Fig. 4. Regulation of gene pathways in RAW 264.7 macrophages stimulated with proanthocyanidins with differing degrees of polymerization.

a Gene pathways regulated by medium mDP (9.1) and high mDP (12.3) grape pomace proanthocyanidins (PAC) in resting RAW 264.7 macrophages. b Gene pathways regulated by low mDP (2.6), medium mDP (9.1), and high mDP (12.3) grape pomace PAC in lipopolysaccharide-activated RAW 264.7 macrophages. Experiments were conducted with triplicate samples. Shown are significantly regulated pathways (p value <0.001; q value <0.15) identified by gene-set enrichment analysis.

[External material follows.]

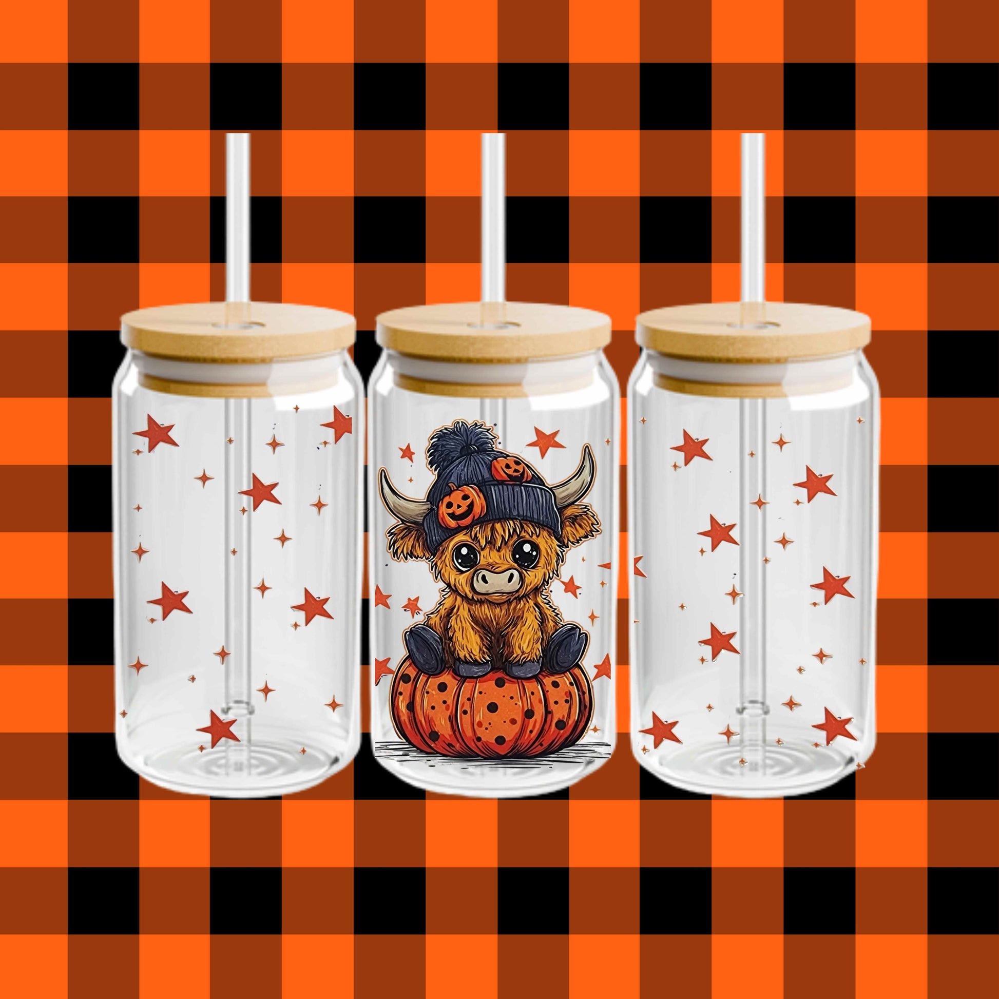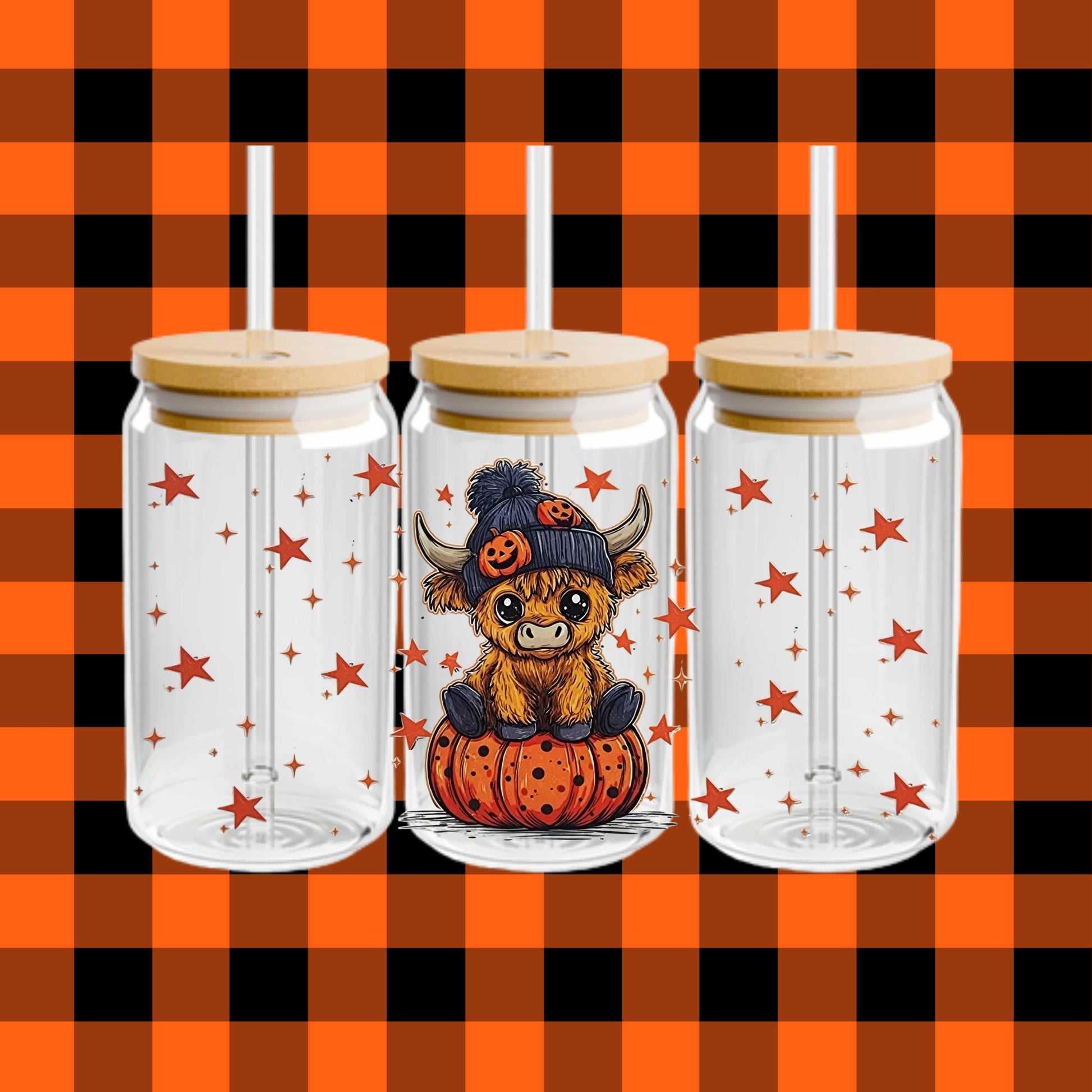 Cute Halloween Cow 16oz Acrylic or Glass Coffee Tumbler with Lid & Straw, Fall UVDTF Cup

Fig. 5. Regulation of gene expression in mouse ileum tissue by proanthocyanidins.

a Significantly regulated genes (fold change >2; q value >0.8 by NOIseq analysis) obtained from RNA sequencing of mouse ileum tissue in mice dosed with low mDP proanthocyanidins (PAC) or medium mDP PAC. Fold changes are relative to mice dosed with only water. n = 5 mice per treatment group. b Principal component analysis showed an effect of PAC mDP demarcated in two distinct clusters. n = 5 mice per treatment group. c Gene pathways identified in the KEGG database that were downregulated (p value <0.005; q value <0.1) by treatment with medium mDP PAC, identified by gene-set enrichment analysis.

Fig. 6. Proanthocyanidins regulate gene expression, autophagosome formation, and autophagy in RAW264.7 cells.

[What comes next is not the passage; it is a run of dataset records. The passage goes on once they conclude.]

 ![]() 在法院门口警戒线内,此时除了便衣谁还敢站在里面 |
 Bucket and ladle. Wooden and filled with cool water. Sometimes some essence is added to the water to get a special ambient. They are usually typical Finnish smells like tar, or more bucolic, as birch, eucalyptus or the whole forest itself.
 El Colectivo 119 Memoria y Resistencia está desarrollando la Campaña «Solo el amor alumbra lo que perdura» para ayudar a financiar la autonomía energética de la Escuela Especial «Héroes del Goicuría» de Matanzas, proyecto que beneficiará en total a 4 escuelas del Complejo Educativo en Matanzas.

a Expression of Tlr4, Rab7b, and Atp6v0d2 in RAW264.7 macrophages exposed to proanthocyanidins (PAC) in either resting conditions or following lipopolysaccharide (LPS) stimulation. Fold changes are relative to cells exposed to medium only (resting cells) or LPS only (LPS-activated cells). Mean and SEM of three independent experiments (*p < 0.05 by paired t-test). b Transmission electron microscopy (TEM) images of macrophages showing formation of autophagosome-like structures in control cells or in cells incubated with PAC (15 µg/mL), or PAC combined with Bafilomycin A1 (Baf; 10 nM). c LPS-activated cells showed a significant decrease in IL-6 secretion when pre-stimulated with Baf (10 nM). Mean and SEM from at least three independent experiments (*p < 0.05 by Mann–Whitney test). d Expression of Tlr4 and Atp6v0d2 in RAW264.7 cells stimulated with LPS with PAC (15 µg/mL) and/or Baf (10 nM). Mean and SEM from at least three independent experiments (*p < 0.05, **p < 0.01, ***p < 0.001, ****p < 0.0001 by one-way ANOVA and Tukey’s tests). e Autophagic flux in RAW 264.7 macrophages treated with LPS alone, or LPS combined with either PAC (15 µg/mL) or Baf (10 nM). Mean and SEM of three independent experiments (*p < 0.05, **p < 0.01, ***p < 0.001 by one-way ANOVA and Tukey’s tests). f PAC and Baf both reduce the formation of autophagolysosomes in LPS-activated mLC3 cells. LPS-activated cells had marked abundance of red punctate spots, indicating increased autophagolysosome formation. In contrast, punctate spots and co-localization of green and red fluorescence was observed in LPS-activated cells co-stimulated with either PAC or Baf indicating an accumulation of autophagosomes and inhibition of the full autophagy pathway. Scale bar = 5 µm. g The abundance of red dots, i.e. autophagolysosomes, and yellow dots, i.e. autophagosomes, and the ratio between them, were enumerated in ten individual mLC3 cells (*p < 0.05, **p < 0.01, ***p < 0.001 by Kruskal–Wallis and Dunn’s tests). Shown is mean and SEM for abundance and median for ratio.